Jordan Price Williams was one of the Welsh contingent (and, presumably, one of the four-part harmonisers). He studied classical double bass at the Royal Welsh College of Music and Drama, and is one of the best folk multi-instrumentalists of his generation.

“The main thing that came out was finding common ground in our varying heritages,” he says. “Everyone who plays traditional music within the British Isles likes to think of our individual traditions as being unique, and they’re really not. Everyone has a jig or reel or hornpipe.

"But in Wales the music is different, and I think it’s because in Scotland and Ireland they carried on playing their music across the 19th and 20th centuries, so it carried on being developed. When the Methodists moved into Wales in the 19th century, people stopped playing traditional music. So the music has been preserved in an earlier form.”

Not everything was lost, though: there were still plenty of triple-harpists and clog dancers around to pass on their knowledge. Cerdd dant – the uniquely Welsh art of singing an improvised counter-melody over a harp tune – remained in rude health. The medieval harpist Robert ap Huw (c1580-1665) had thoughtfully written down a manuscript of harp music, which preserved the bardic tradition from centuries before (the music has been painstakingly recreated by the duo Bragod, incidentally).

The Welsh Folk Song Society was duly set up in 1906, and its tune-hunters set off on safari into the rural heartlands, collecting and notating songs, a job continued by the St Fagans National Museum of History during the 1960s and 70s.

Meanwhile in Ireland, a new ‘Celtic folk’ idiom was being created by Irish bands like The Chieftains, The Bothy Band and Planxsty. Thanks to them, and a huge audience in the Irish diaspora in America, Ireland became the dominant force in Celtic music.

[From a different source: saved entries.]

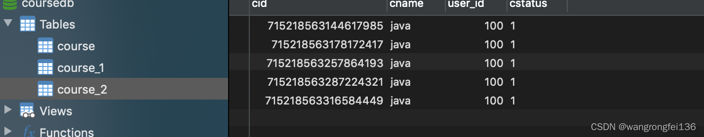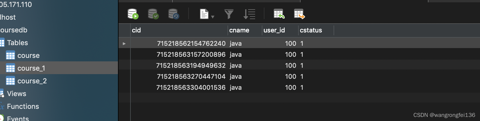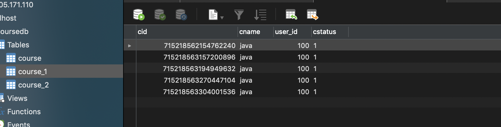 分析实际执行SQL得到:Actual SQL: m1 ::: INSERT INTO course_1 ( cid,cname,user_id,cstatus ) VALUES (?, ?, ?, ?) ::: [0, java, 100, 1]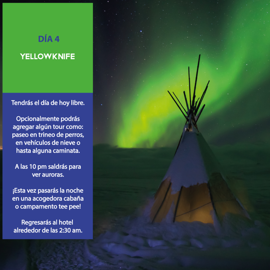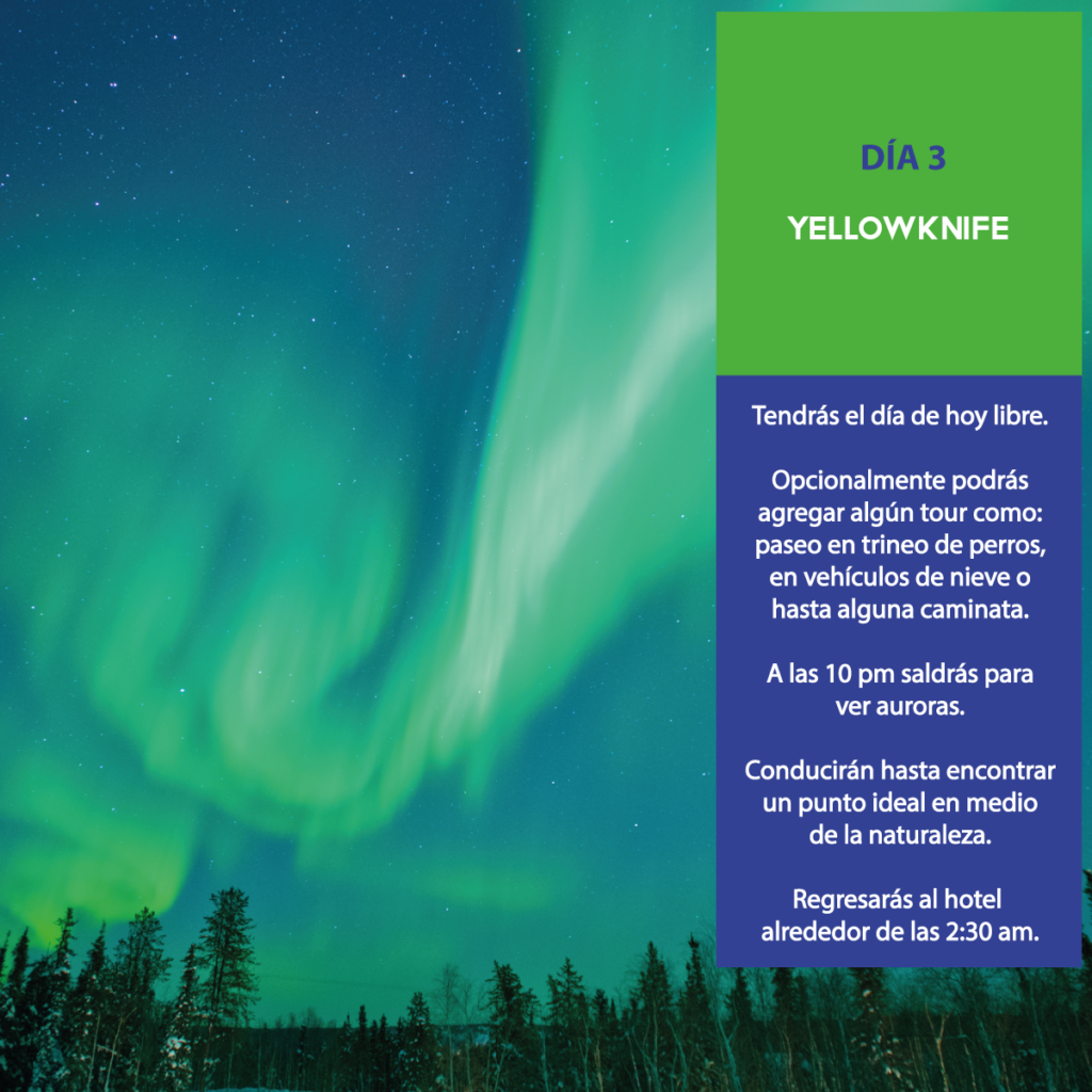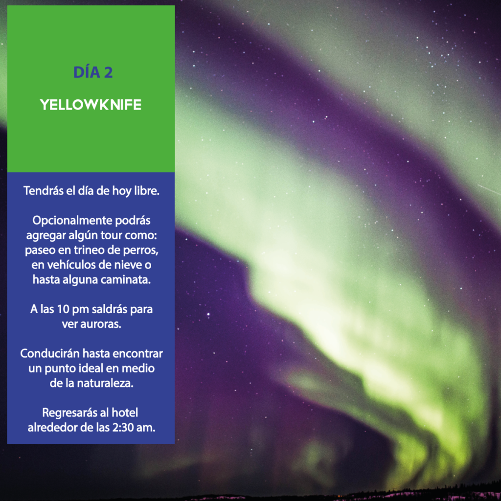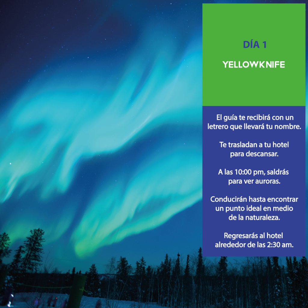 ¡Una experiencia mágica de 5 días buscando auroras boreales en el Ártico Canadiense! 🇨🇦 Sin visa necesaria, con guias en español, pago a meses y garantía de satisfacción total. ¡Aparta con $2,490!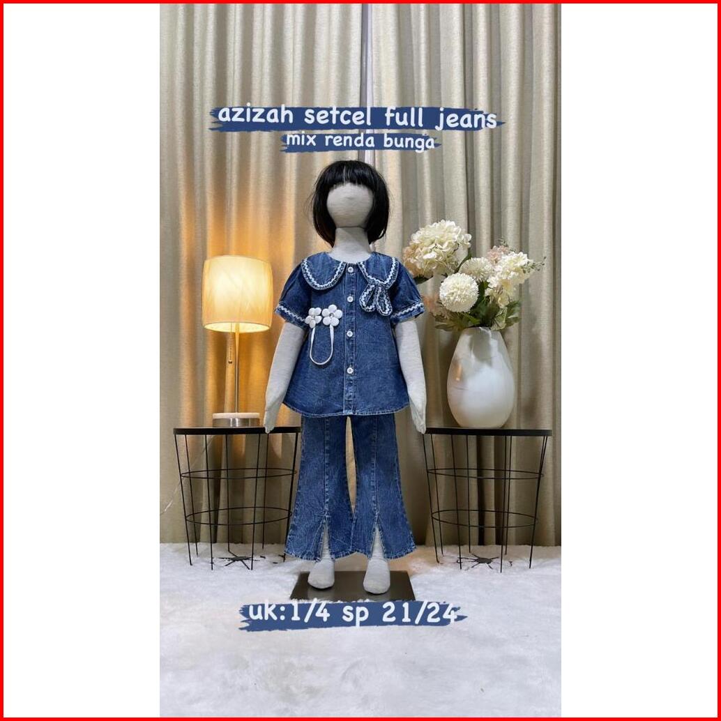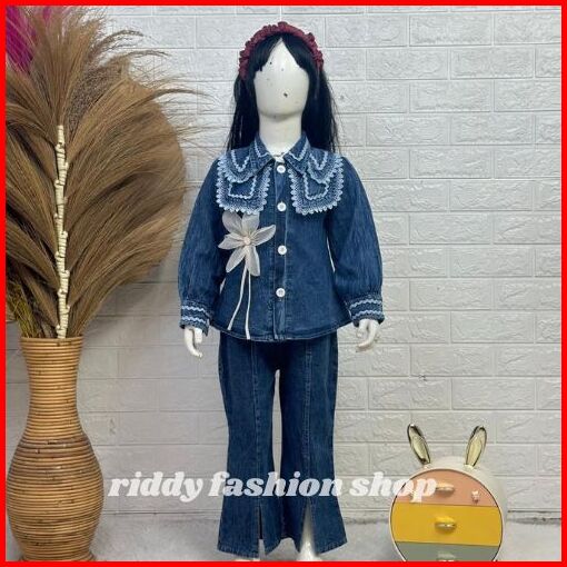 Setelan Jeans Laura Mix Renda Bunga Anak Perempuan Usia 3 - 10 Tahun Set Denim Full Jeans Raya - Setcel Denim Celana Jea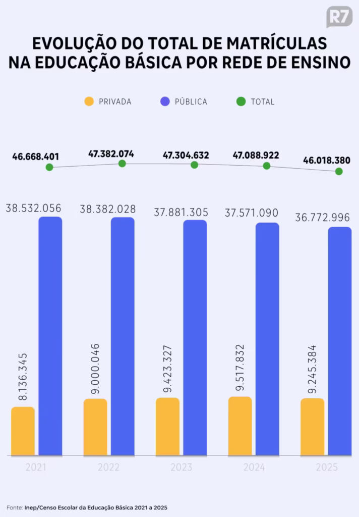 O número de matrículas na educação básica registrou queda de 1,07 milhão de registros em um ano no Brasil, segundo dados do Censo Escolar. Entre 2024 e 2025, a rede pública teve redução de 2,1% no número de estudantes, enquanto essa taxa foi de 2,9% nas instituições privadas.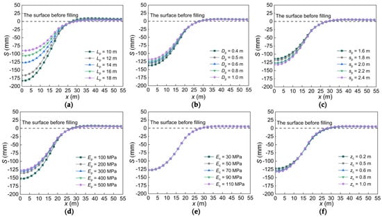 Variations of composite foundation settlements (i.e., S) with parameters related to piles and cushion: (a) Lp; (b) Dp; (c) sp; (d) Ep; (e) Ec; (f) zc.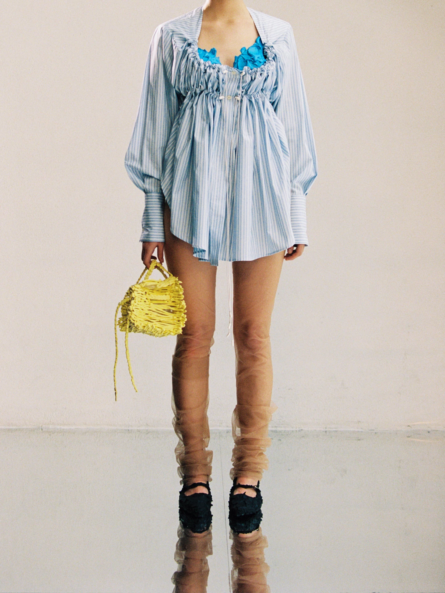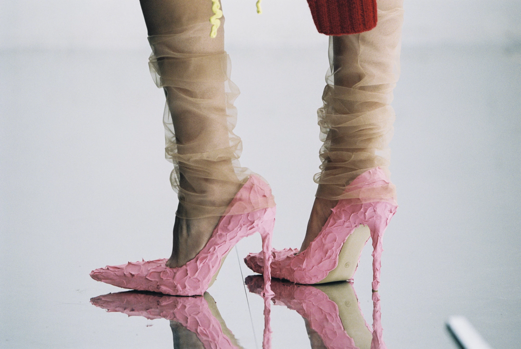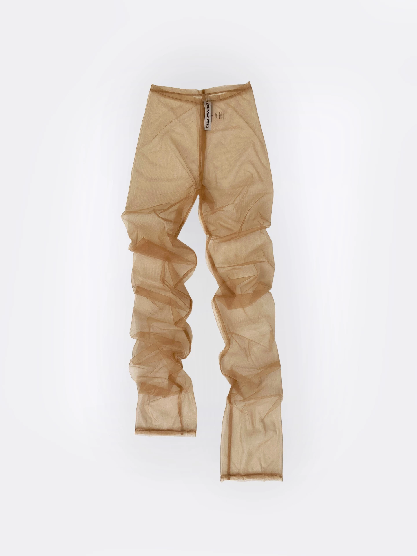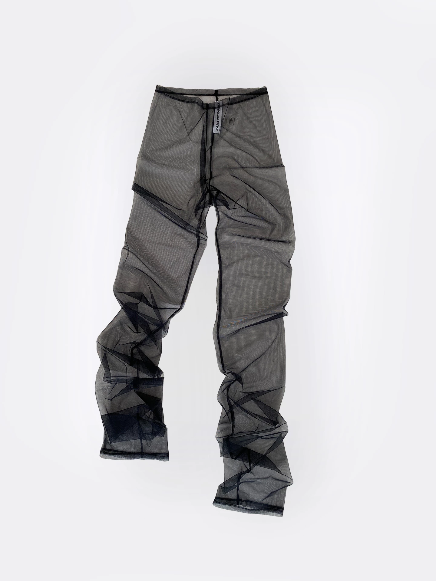 Our translucent leggings are made from mesh fabric and have an extra-long cut, giving them a ruffled look at the bottom.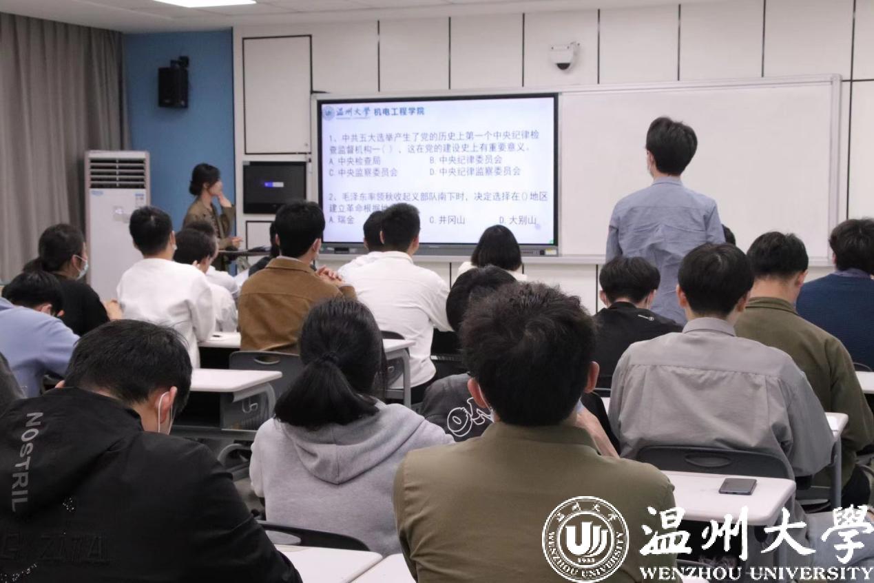 接下来,是党史知识问答环节。现场准备了六道题,同学们踊跃回答,积极参与,展现出了自己对党史知识的积累。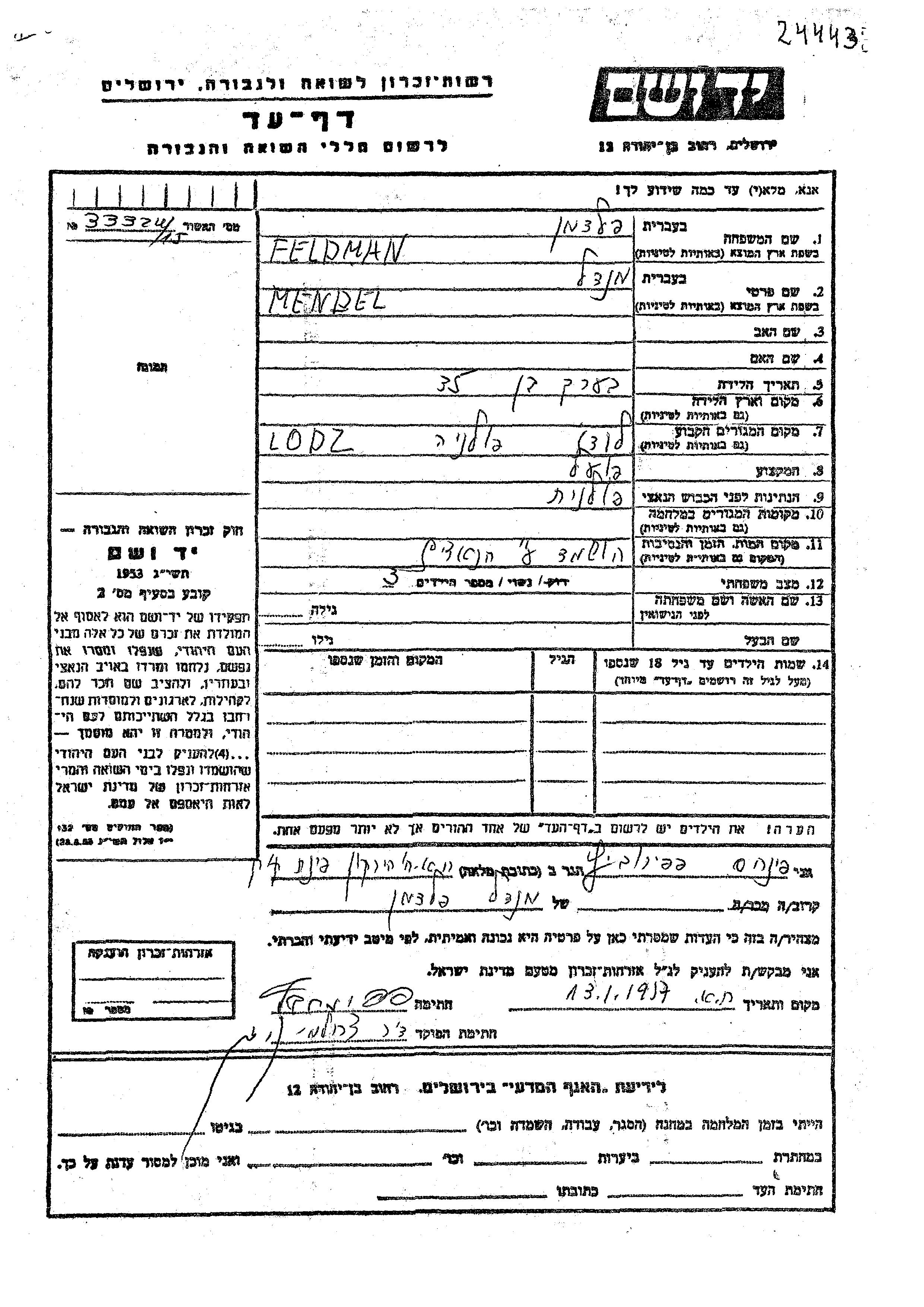 Фельдман Мендель Лодзь, Польша Лист свидетельских показаний

Wales had a bit of catching up to do. In 1976 the Wales Tourist Board, as it then was, put together a quartet of top Welsh folk musicians to fly the musical flag at the Festival Interceltique de Lorient, a vast annual gathering of Celtic musicians in Brittany.

The band wrily named themselves Ar Log (it means ‘for hire’). At Lorient they met another Irish folk behemoth, The Dubliners, who encouraged the Welshmen to stick together and turn professional.

Ar Log continued to expand - in 1983 the musical polymath Stephen P Rees joined. He’s both an academic – he teaches music at Bangor University – and a gifted multi-instrumentalist who went on to play a central role in the Welsh folk music revival, later forming another seminal Welsh band, Crasdant. For their source material, the Welsh revivalist dug deep into Welsh musical history. They toured the world, establishing a solid ground on which Welsh folk could build.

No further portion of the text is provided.